Founding Kasabian vocalist Tom Meighan has ended his 23-year relationship with the group, with “personal issues” cited as the reason for his departure.
Sharing the news via Twitter overnight, the official Kasabian account revealed that the decision was made by “mutual consent”, with Meighan’s exit being made in an attempt for the 39-year-old to “concentrate all his energies on getting his life back on track”.
“Tom Meighan is stepping down from Kasabian by mutual consent,” the official statement reads. “Tom has struggled with personal issues that have affected his behaviour for quite some time and now wants to concentrate all his energies on getting his life back on track. We will not be commenting further.”
In his own statement shared to Twitter soon after, Meighan reassured fans he is “doing well” and that he’s “in a really good place now”.
Tom Meighan is stepping down from Kasabian by mutual consent. Tom has struggled with personal issues that have affected his behaviour for quite some time and now wants to concentrate all his energies on getting his life back on track. We will not be commenting further.
— KasabianHQ (@KasabianHQ) July 6, 2020
Following today's announcement I just wanted to let you all know that I am doing well.
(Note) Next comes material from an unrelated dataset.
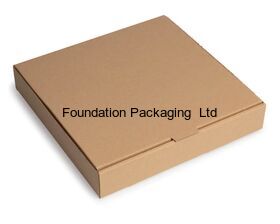 - A corrugated Plain Pizza box with hinged lid.

I'm in a really good place now. Thanks for all your love and support. I'll be seeing you all very soon. TM x #TomMeighan #Kasabian
— Tom Meighan (@MeighanOfficial) July 6, 2020
Having co-founded Kasabian back in 1997, Meighan was instrumental in the group’s success, with his reputation as an enigmatic and arresting frontman helping to drive the group’s popularity not just in their native England, but in countries such as Australia as well.
In 2014, Kasabian were listed as one of the headline acts on the 2014 Glastonbury Festival, alongside the likes of Metallica and Arcade Fire. In 2017, they released what is ostensibly their last album with Meighan on vocals, with For Crying Out Loud giving them their fifth consecutive UK number one.
However, Meighan’s behaviour occasionally-controversial statements and behaviour often made headlines that overshadowed the group’s success. In 2017, Meighan spoke to Q magazine and explained how he had gone through a period of difficulty following the breakup of a longtime relationship and the loss of a close friend.
“I had to sort my head out. My attitude. Stuff I was doing. People I was associating with. Not bad people. I was the one that was bad,” Meighan explained.
“I was making myself ill, I ain’t gonna lie, my mind was jolted. I wasn’t taking responsibility and it affected everyone around me, horrendous.”
Just weeks ago, Meighan told Sky News that the band had been looking towards their seventh studio album, with plans to formally begin the creative process once COVID-19 restrictions had lifted.
“We need a seventh baby,” Meighan said. “We’re going to try and make a new record as soon as we can but we can’t really do anything while we’re restricted. Serge has been writing songs for Kasabian so it’s all good.”
There is currently no word as to whether Kasabian will continue as a trio or if they will seek to replace Meighan.